**TASK TO COMPLETE**
Find the line with "主衛使用隱藏式水箱馬桶,節約" in the records below. Copy it and every line after it, up to and including the line with "ゼット アンダーシャツ 野球".

**RECORDS FOR THE EXERCISE**
___

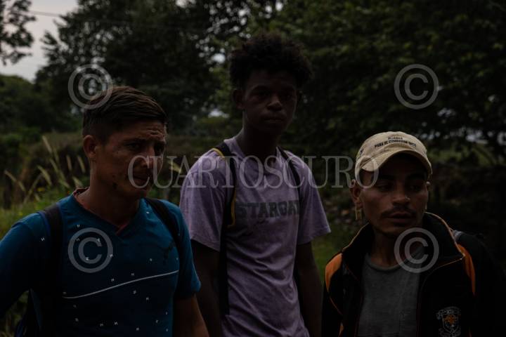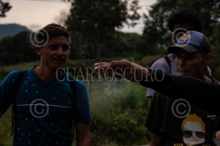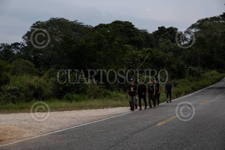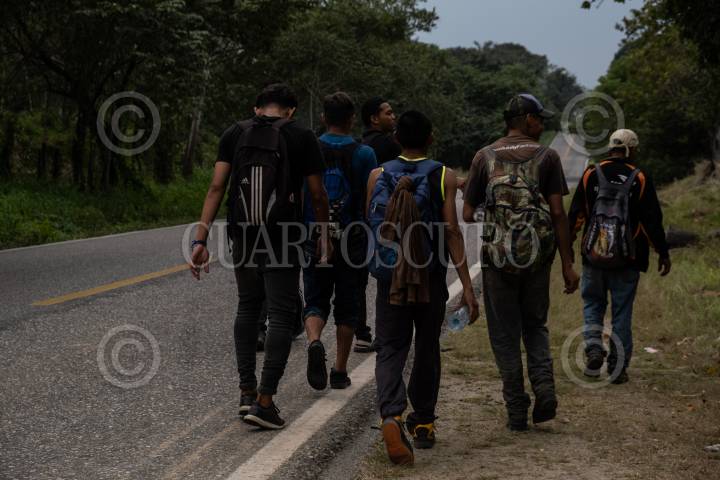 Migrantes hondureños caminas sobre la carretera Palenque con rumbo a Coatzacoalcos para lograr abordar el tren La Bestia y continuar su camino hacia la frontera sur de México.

___

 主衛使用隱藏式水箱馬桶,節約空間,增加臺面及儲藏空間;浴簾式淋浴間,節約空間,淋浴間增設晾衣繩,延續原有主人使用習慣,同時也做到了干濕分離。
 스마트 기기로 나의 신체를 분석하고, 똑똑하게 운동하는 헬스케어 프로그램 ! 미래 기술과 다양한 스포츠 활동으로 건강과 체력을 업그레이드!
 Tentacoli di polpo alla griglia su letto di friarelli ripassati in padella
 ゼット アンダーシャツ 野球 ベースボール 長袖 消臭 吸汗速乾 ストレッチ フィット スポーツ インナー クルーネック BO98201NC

___

**EXERCISE OUTPUT**
 主衛使用隱藏式水箱馬桶,節約空間,增加臺面及儲藏空間;浴簾式淋浴間,節約空間,淋浴間增設晾衣繩,延續原有主人使用習慣,同時也做到了干濕分離。
 스마트 기기로 나의 신체를 분석하고, 똑똑하게 운동하는 헬스케어 프로그램 ! 미래 기술과 다양한 스포츠 활동으로 건강과 체력을 업그레이드!
 Tentacoli di polpo alla griglia su letto di friarelli ripassati in padella
 ゼット アンダーシャツ 野球 ベースボール 長袖 消臭 吸汗速乾 ストレッチ フィット スポーツ インナー クルーネック BO98201NC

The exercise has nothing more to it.